Thrice happy souls, who, born from heaven

Thrice happy souls, who, born from heaven

Author: Philip Doddridge
Published in 108 hymnals

Printable scores: PDF, MusicXML
Audio files: MIDI

Representative Text

1 THRICE happy souls, who, born of heaven,
While yet they sojourn here
Humbly begin their days with God,
And spend them in His fear.

2 Midst hourly cares may love present
Its incense to Thy throne:
And while the world our hands employs
Our hearts be Thine alone!

3 When to laborious duties called,
Or by temptation tried,
We'll seek the shelter of Thy wings,
And in Thy strength confide.

4 As different scenes of life arise,
Our grateful hearts would be
With Thee amid the social band,
In solitude with Thee.

5 At night we lean our weary heads
On Thy paternal breast,
And safely folded in Thine arms,
Resign our powers to rest.

6 In solid pure delights, like these,
Let all my days be passed;
Nor shall I then impatient wish,
Nor shall I fear the last.


Source: Evangelical Lutheran Hymn-book #439

Author: Philip Doddridge

Philip Doddridge (b.

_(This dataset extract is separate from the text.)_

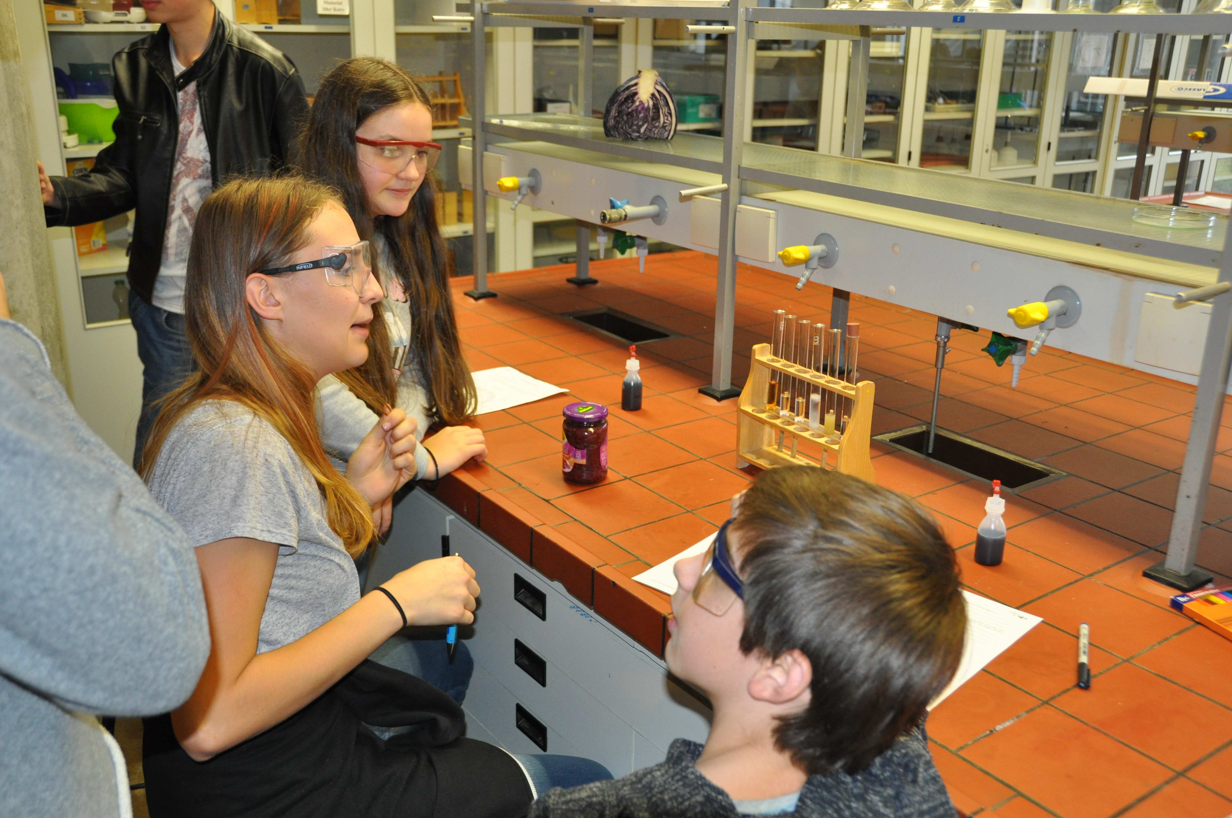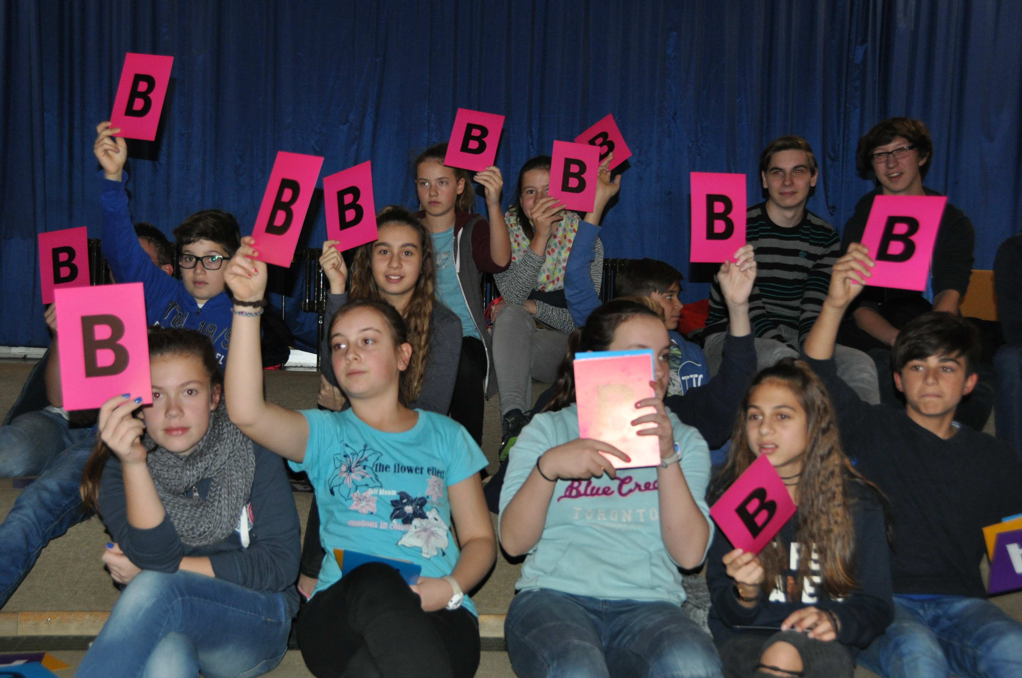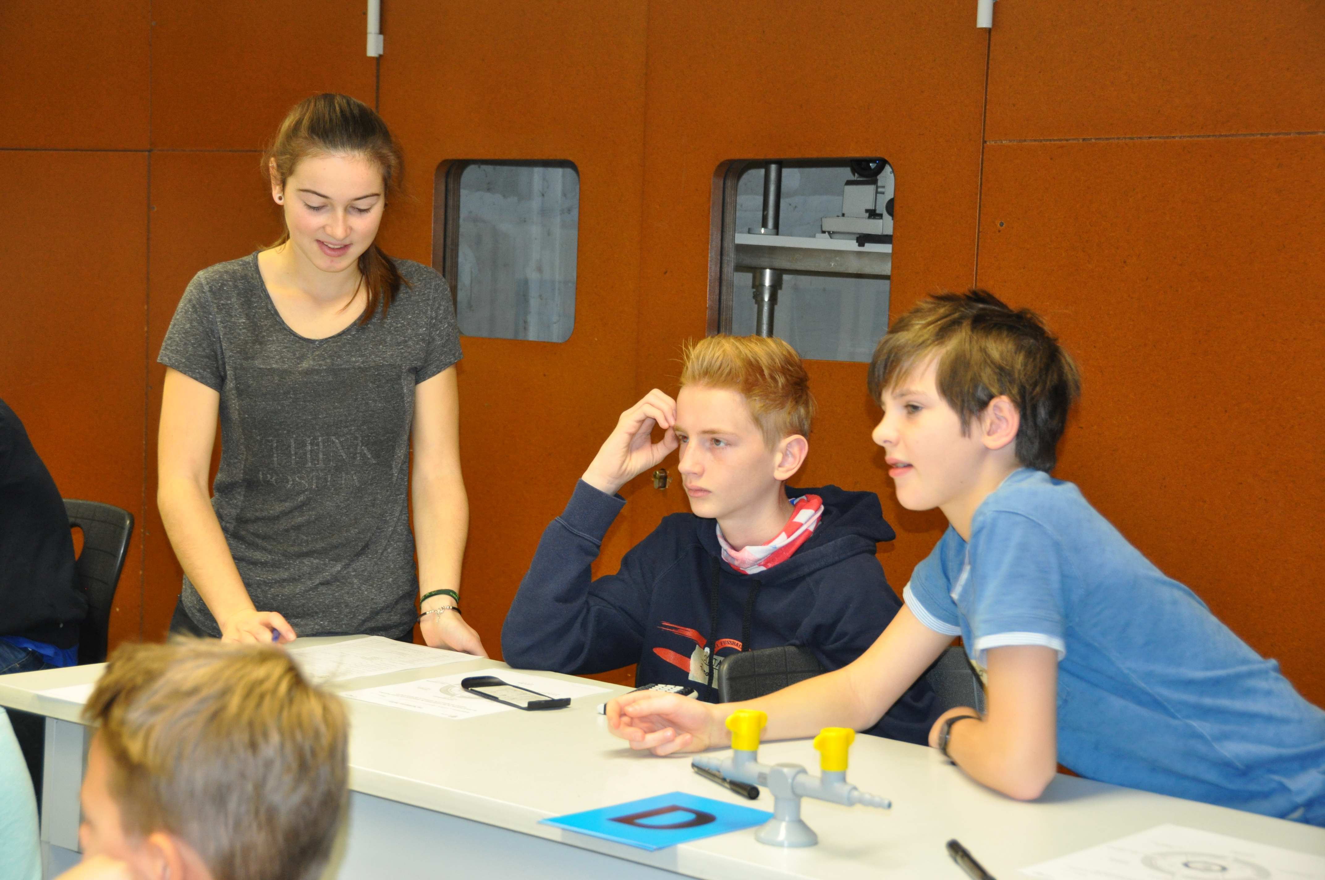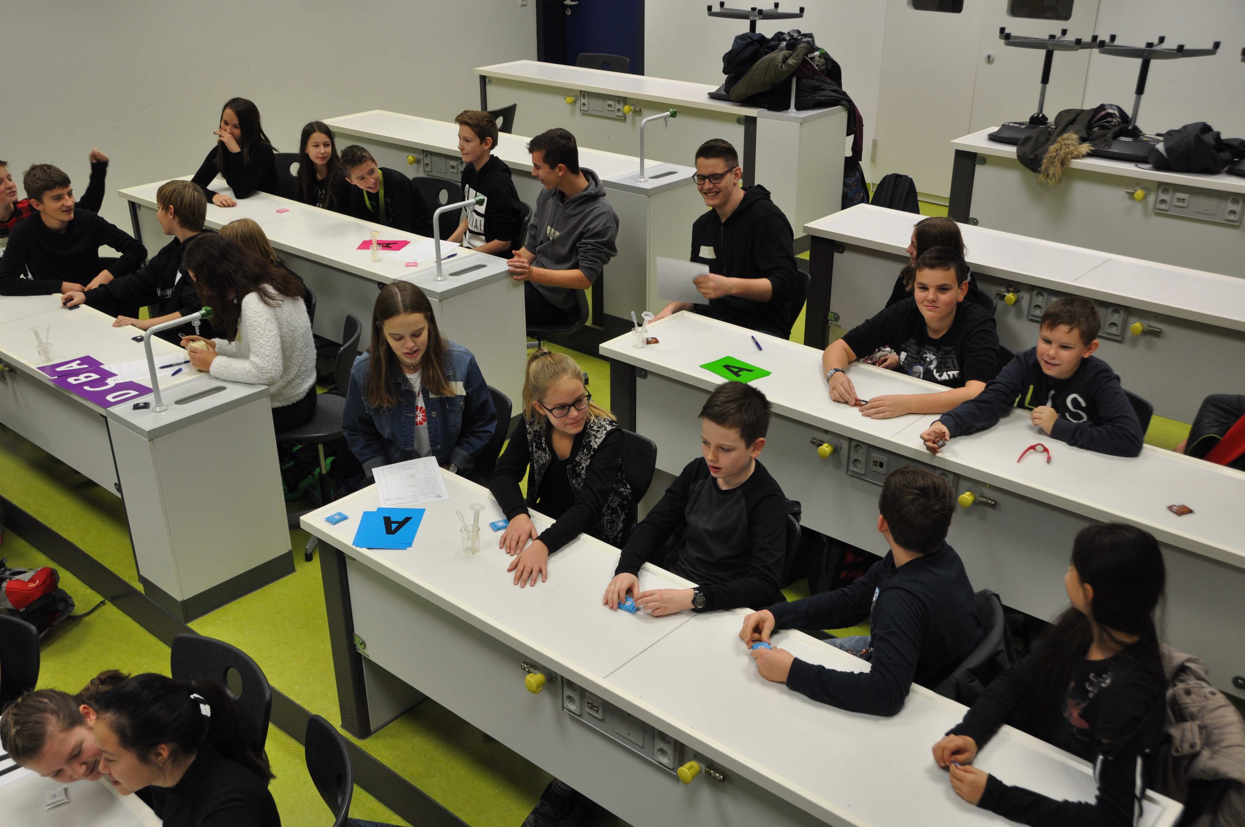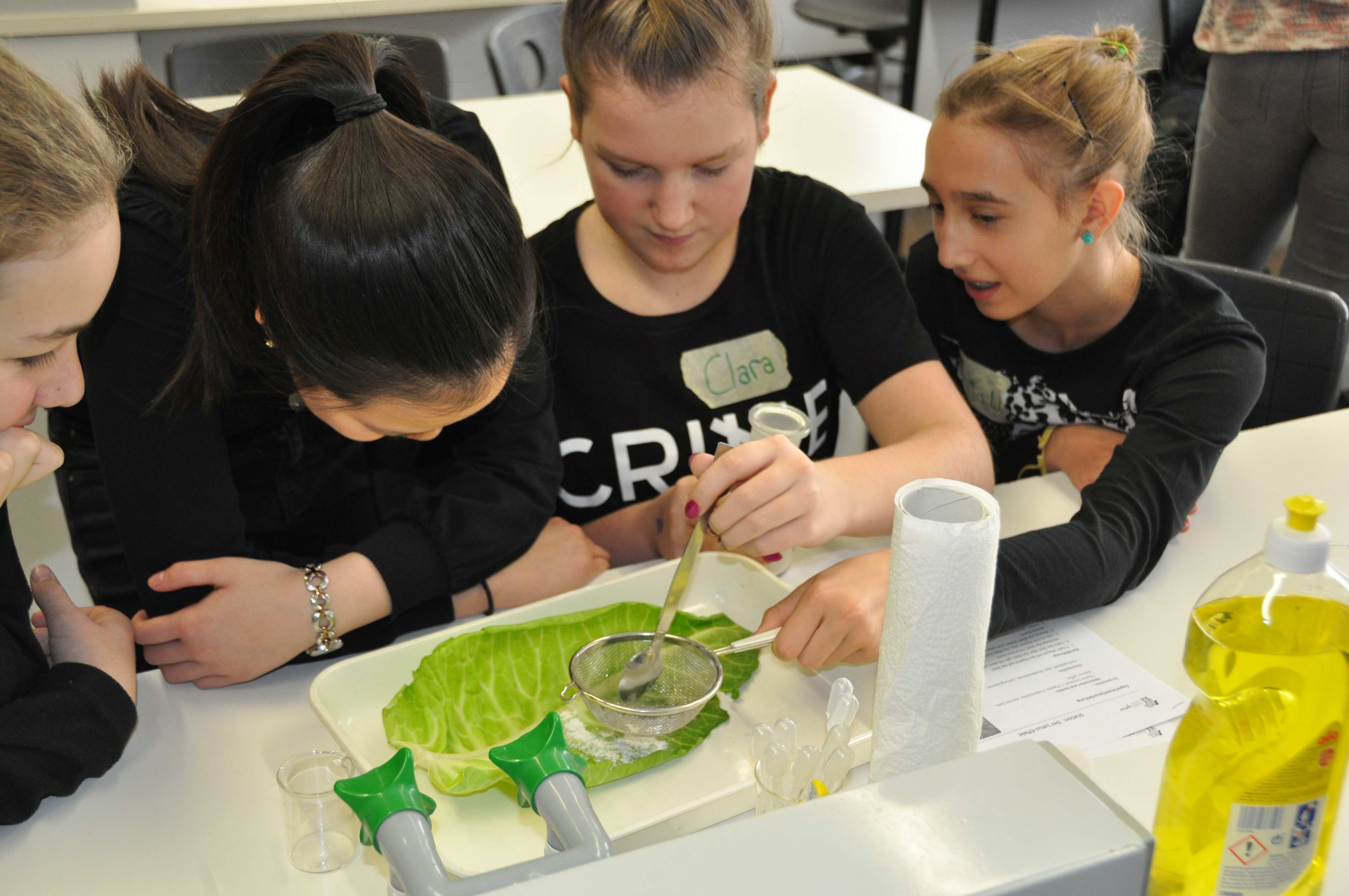Die besten Teams der drei teilnehmenden Klassen - die "Rosa Erdbeeren", die "Knusperkekse" und die "Knusperflakes" traten dann noch einmal in einem Quiz gegeneinander an, bei dem wieder naturwissenschaftliche Wissen- und Knobelfragen gelöst und Experimente durchgeführt werden mussten. Dabei wurden sie bei einigen "Aufgaben an alle" kräftig von ihren Mitschülerinnen und Mitschülern unterstützt. Am Ende stand dann das Siegerteam schnell fest: Die "Rosa Erdbeeren" der 7b holten sich den Gesamtsieg für ihre Klasse und dürfen sich nun auf einen Besuch der "Experimenta" in Heilbronn als Preis freuen, der ihnen vom Förderverein des Werkgymnasiums spendiert wurde.

London, England, 1702; d. Lisbon, Portugal, 1751) belonged to the Non-conformist Church (not associated with the Church of England). Its members were frequently the focus of discrimination. Offered an education by a rich patron to prepare him for ordination in the Church of England, Doddridge chose instead to remain in the Non-conformist Church. For twenty years he pastored a poor parish in Northampton, where he opened an academy for training Non-conformist ministers and taught most of the subjects himself. Doddridge suffered from tuberculosis, and when Lady Huntington, one of his patrons, offered to finance a trip to Lisbon for his health, he is reputed to have said, "I can as well go to heaven from Lisbon as from Nort… Go to person page >

Text Information

First Line: Thrice happy souls, who, born from heaven
Author: Philip Doddridge

Notes

Thrice happy souls, who born from heaven. P. Doddridge. [Walking with God.] This is No. 37 in the Doddridge manuscript in 8 stanzas of 4 lines, headed, "Of spending the day with God," from Prov. xxiii. 17, and dated "March 27, 1737." In J. Orton's posthumous edition of Doddridge's Hymns, &c, 1755, No. 79, it was given with several changes in the text, and with the heading altered to "Walking with God; or, being in His fear all the day long." Proverbs xxiii. 17; and again in J. D. Humphreys's edition of the same, 1839, No. 93. This text again differs from both the above. That however in common use is from Orton. In the Baptist Psalms & Hymns, 1858, No. 445, stanzas v., vi., iv. and iii., are given as, "Lord, we must labour, we must care." Both this and the text as in Orton are in several collections.

--John Julian, Dictionary of Hymnology (1907)

Tune

IRISH


DEVIZES (Tucker)


EVAN (Havergal)

This tune is likely the work of the composer named here, but has also been attributed to others as shown in the instances list.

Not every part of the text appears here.